§ **WORK INSTRUCTIONS**: Repeat the entries exactly but omit the pictures.

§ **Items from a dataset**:
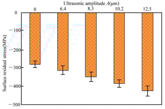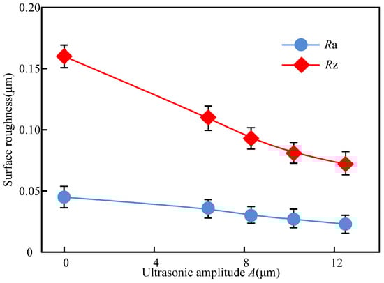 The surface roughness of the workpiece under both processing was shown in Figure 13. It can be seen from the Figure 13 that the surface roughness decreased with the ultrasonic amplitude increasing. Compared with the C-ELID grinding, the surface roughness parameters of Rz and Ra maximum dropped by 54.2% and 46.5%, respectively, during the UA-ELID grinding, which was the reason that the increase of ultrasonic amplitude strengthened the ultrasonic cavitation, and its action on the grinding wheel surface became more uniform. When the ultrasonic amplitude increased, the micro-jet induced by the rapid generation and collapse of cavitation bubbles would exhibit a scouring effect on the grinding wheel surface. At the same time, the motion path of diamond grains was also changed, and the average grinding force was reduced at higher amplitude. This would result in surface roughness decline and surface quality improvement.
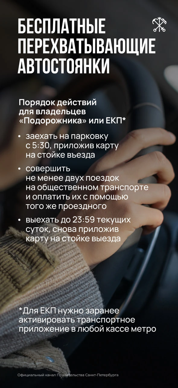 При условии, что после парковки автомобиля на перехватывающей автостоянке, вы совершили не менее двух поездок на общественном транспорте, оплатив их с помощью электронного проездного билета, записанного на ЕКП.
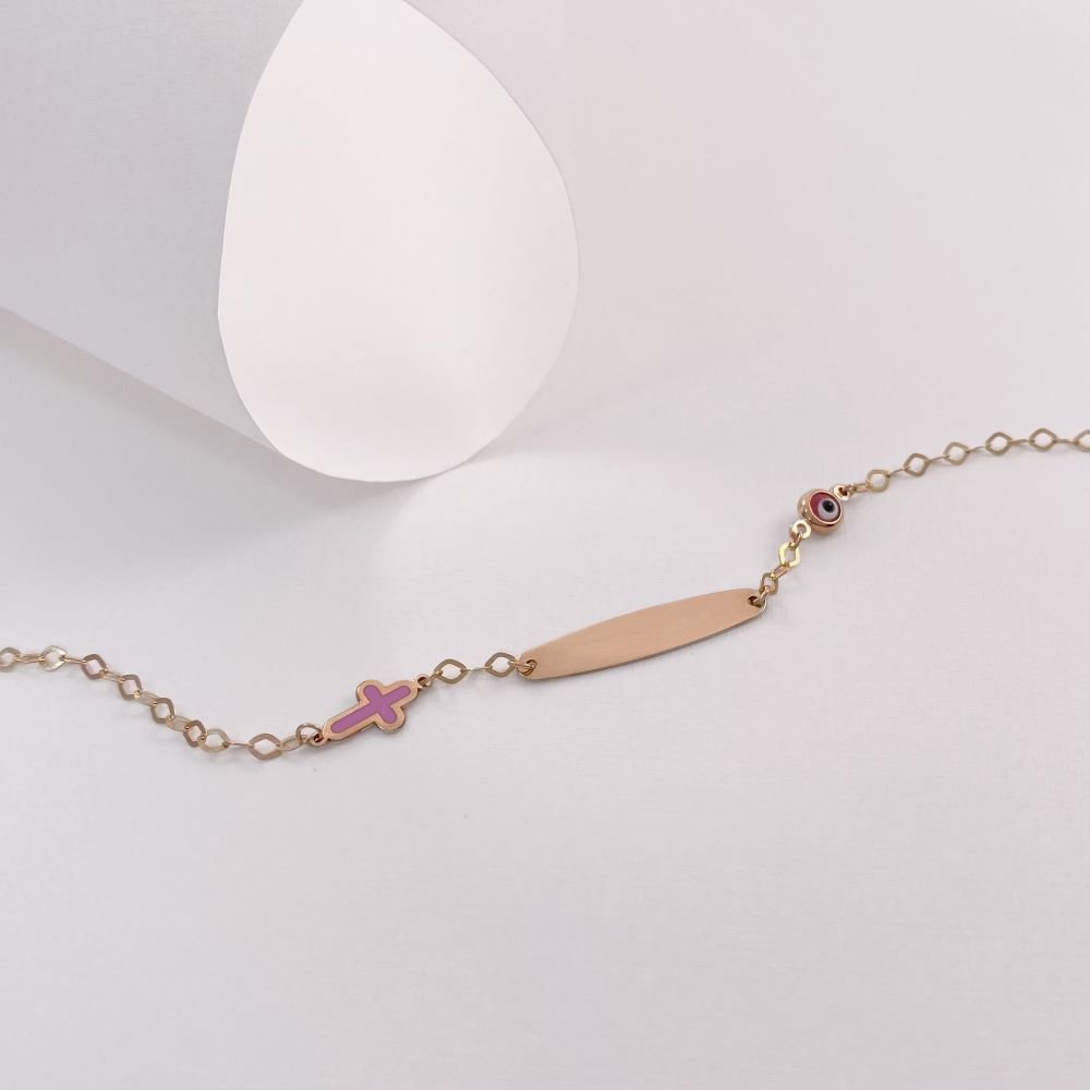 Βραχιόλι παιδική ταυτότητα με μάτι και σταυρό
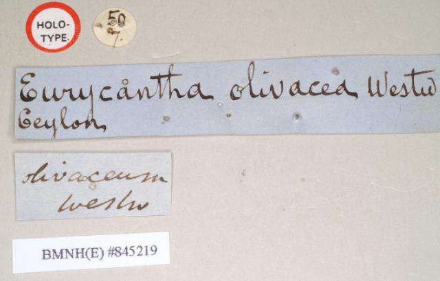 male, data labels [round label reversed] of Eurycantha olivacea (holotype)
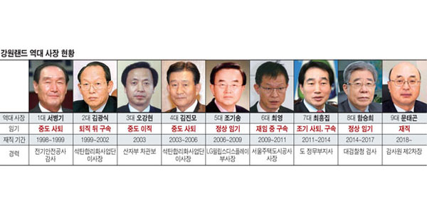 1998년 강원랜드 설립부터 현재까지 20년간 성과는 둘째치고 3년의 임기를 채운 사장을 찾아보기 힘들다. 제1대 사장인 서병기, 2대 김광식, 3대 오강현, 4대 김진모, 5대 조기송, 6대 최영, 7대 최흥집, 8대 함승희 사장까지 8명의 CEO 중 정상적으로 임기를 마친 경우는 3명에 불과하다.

§ **RESPONSE**:
 The surface roughness of the workpiece under both processing was shown in Figure 13. It can be seen from the Figure 13 that the surface roughness decreased with the ultrasonic amplitude increasing. Compared with the C-ELID grinding, the surface roughness parameters of Rz and Ra maximum dropped by 54.2% and 46.5%, respectively, during the UA-ELID grinding, which was the reason that the increase of ultrasonic amplitude strengthened the ultrasonic cavitation, and its action on the grinding wheel surface became more uniform. When the ultrasonic amplitude increased, the micro-jet induced by the rapid generation and collapse of cavitation bubbles would exhibit a scouring effect on the grinding wheel surface. At the same time, the motion path of diamond grains was also changed, and the average grinding force was reduced at higher amplitude. This would result in surface roughness decline and surface quality improvement.
 При условии, что после парковки автомобиля на перехватывающей автостоянке, вы совершили не менее двух поездок на общественном транспорте, оплатив их с помощью электронного проездного билета, записанного на ЕКП.
 Βραχιόλι παιδική ταυτότητα με μάτι και σταυρό
 male, data labels [round label reversed] of Eurycantha olivacea (holotype)
 1998년 강원랜드 설립부터 현재까지 20년간 성과는 둘째치고 3년의 임기를 채운 사장을 찾아보기 힘들다. 제1대 사장인 서병기, 2대 김광식, 3대 오강현, 4대 김진모, 5대 조기송, 6대 최영, 7대 최흥집, 8대 함승희 사장까지 8명의 CEO 중 정상적으로 임기를 마친 경우는 3명에 불과하다.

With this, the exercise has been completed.